▶ Input material:
┄┄┄┄┄┄┄┄┄┄┄┄┄┄┄┄┄┄┄┄

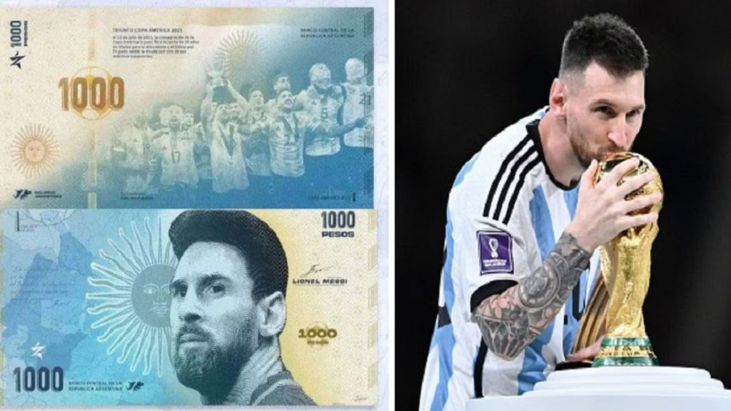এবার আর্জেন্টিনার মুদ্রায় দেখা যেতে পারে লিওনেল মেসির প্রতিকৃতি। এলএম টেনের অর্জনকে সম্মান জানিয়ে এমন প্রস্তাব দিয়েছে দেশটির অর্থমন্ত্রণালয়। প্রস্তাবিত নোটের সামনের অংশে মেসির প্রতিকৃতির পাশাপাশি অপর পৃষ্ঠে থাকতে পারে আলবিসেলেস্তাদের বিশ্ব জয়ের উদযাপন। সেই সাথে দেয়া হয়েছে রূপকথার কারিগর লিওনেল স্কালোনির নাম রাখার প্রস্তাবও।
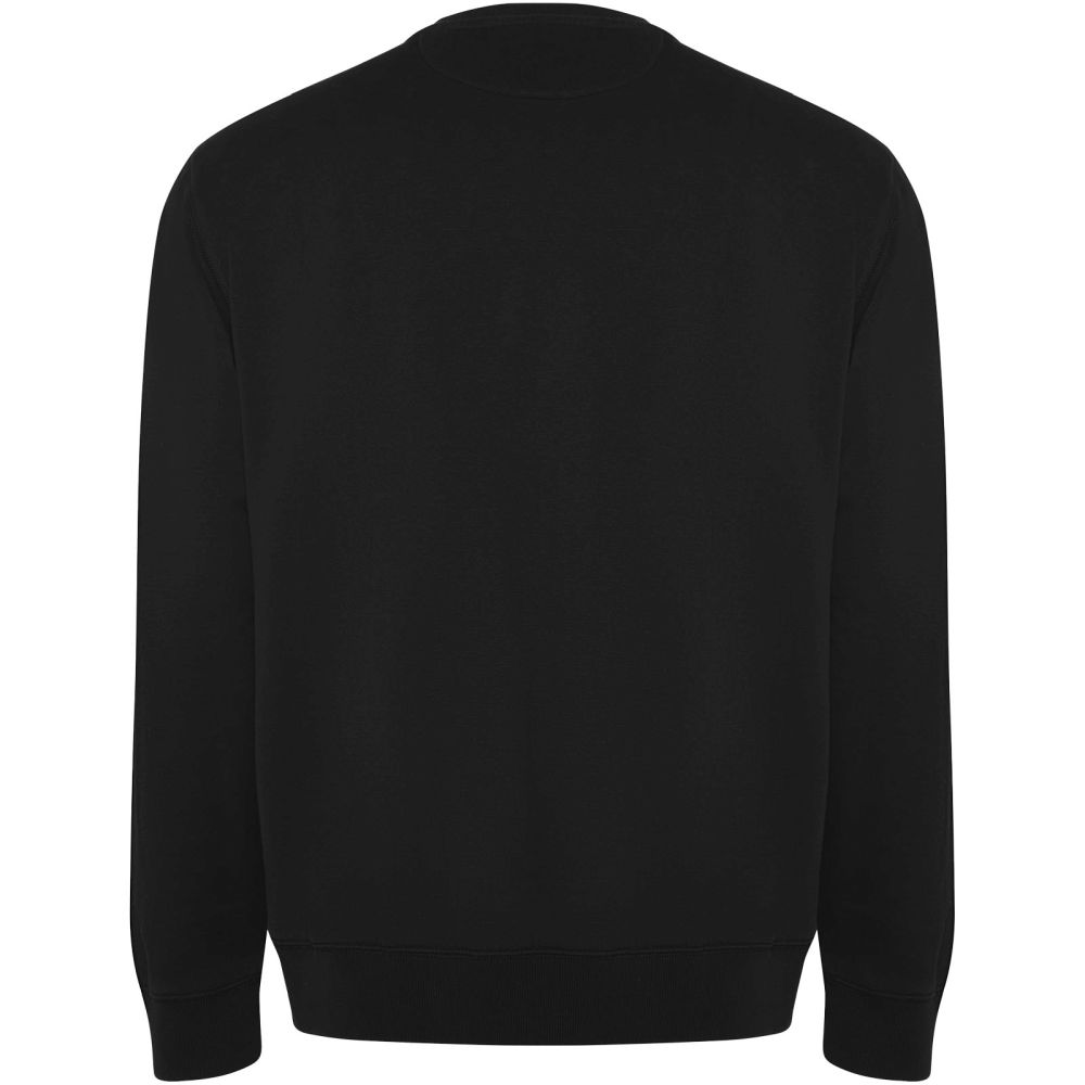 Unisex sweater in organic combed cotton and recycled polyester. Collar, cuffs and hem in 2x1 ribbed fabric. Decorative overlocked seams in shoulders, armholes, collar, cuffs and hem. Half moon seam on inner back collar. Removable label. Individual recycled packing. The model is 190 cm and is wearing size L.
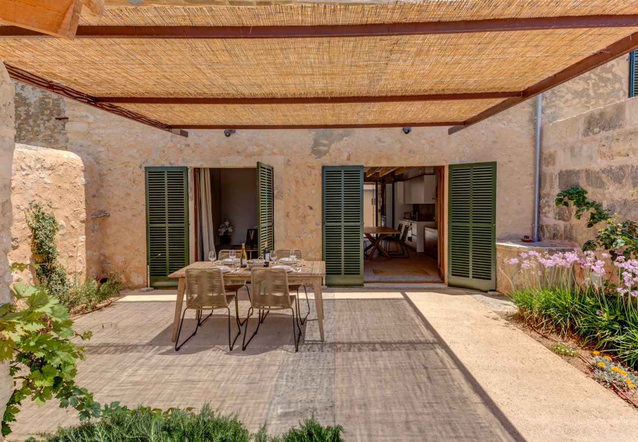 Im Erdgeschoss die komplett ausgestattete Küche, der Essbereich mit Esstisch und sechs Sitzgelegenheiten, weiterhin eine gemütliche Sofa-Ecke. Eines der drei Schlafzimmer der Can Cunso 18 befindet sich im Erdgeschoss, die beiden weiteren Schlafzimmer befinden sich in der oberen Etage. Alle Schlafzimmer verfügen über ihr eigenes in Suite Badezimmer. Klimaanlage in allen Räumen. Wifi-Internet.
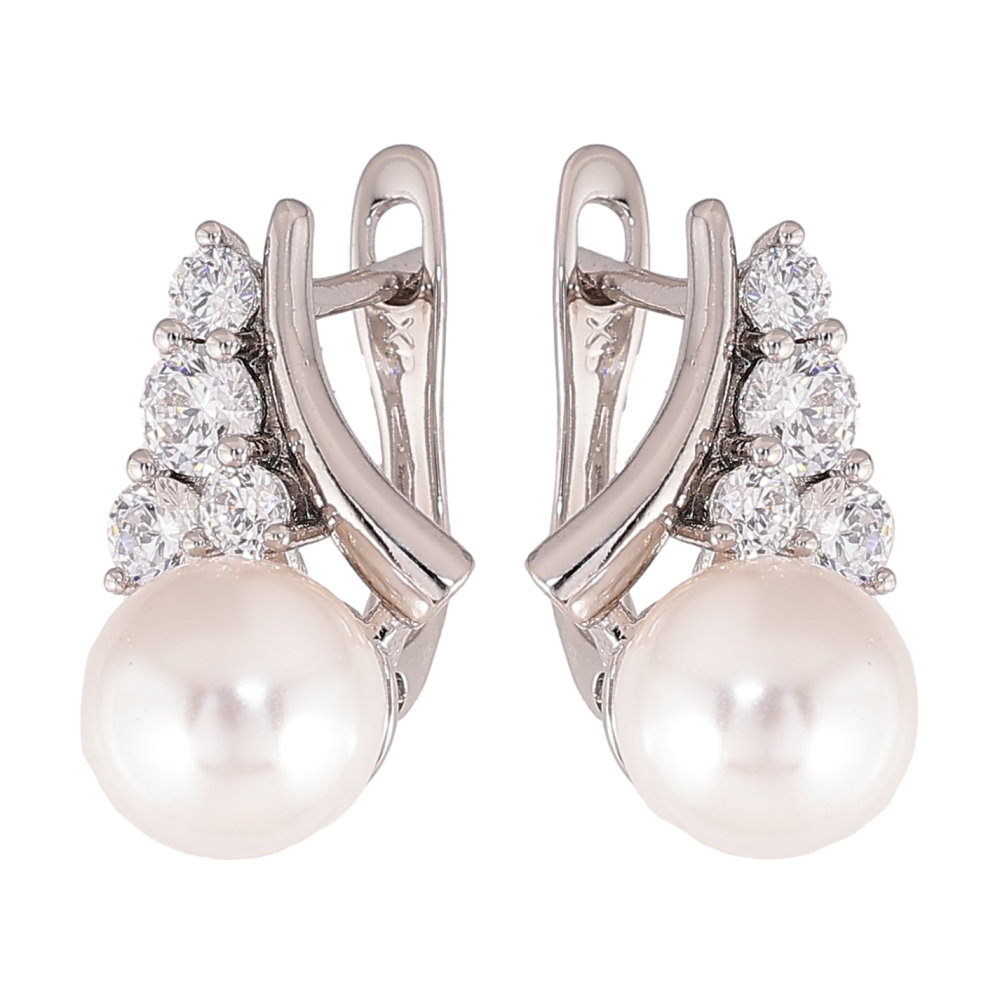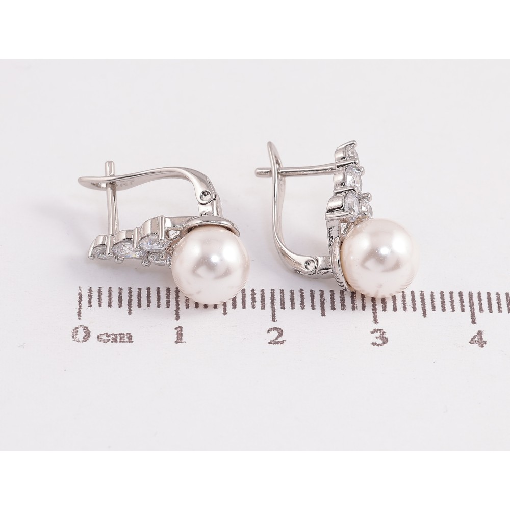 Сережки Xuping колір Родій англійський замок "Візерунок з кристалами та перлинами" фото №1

┄┄┄┄┄┄┄┄┄┄┄┄┄┄┄┄┄┄┄┄

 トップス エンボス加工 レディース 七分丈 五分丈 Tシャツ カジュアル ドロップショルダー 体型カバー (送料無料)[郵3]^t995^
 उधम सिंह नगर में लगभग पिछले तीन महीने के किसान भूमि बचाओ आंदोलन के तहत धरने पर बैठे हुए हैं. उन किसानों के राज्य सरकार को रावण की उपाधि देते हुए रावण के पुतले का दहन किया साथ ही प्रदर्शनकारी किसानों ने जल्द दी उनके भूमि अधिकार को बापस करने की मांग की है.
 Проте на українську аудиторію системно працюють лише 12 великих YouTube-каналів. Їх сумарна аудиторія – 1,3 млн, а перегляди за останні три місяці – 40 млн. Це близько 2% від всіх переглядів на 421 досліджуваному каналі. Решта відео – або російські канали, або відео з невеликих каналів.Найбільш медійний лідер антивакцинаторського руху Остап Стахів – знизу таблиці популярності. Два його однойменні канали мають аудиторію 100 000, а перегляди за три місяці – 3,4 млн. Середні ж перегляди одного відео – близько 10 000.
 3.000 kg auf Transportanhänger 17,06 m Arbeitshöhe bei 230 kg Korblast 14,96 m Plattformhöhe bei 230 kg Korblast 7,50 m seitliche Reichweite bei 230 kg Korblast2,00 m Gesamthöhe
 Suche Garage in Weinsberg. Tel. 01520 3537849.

┄┄┄┄┄┄┄┄┄┄┄┄┄┄┄┄┄┄┄┄

▶ Problem description: Copy exactly, without pictures, the lines above from the one with "Im Erdgeschoss die" down to the one with "Сережки Xuping колір", inclusive.

▶ Solution to the problem:
 Im Erdgeschoss die komplett ausgestattete Küche, der Essbereich mit Esstisch und sechs Sitzgelegenheiten, weiterhin eine gemütliche Sofa-Ecke. Eines der drei Schlafzimmer der Can Cunso 18 befindet sich im Erdgeschoss, die beiden weiteren Schlafzimmer befinden sich in der oberen Etage. Alle Schlafzimmer verfügen über ihr eigenes in Suite Badezimmer. Klimaanlage in allen Räumen. Wifi-Internet.
 Сережки Xuping колір Родій англійський замок "Візерунок з кристалами та перлинами" фото №1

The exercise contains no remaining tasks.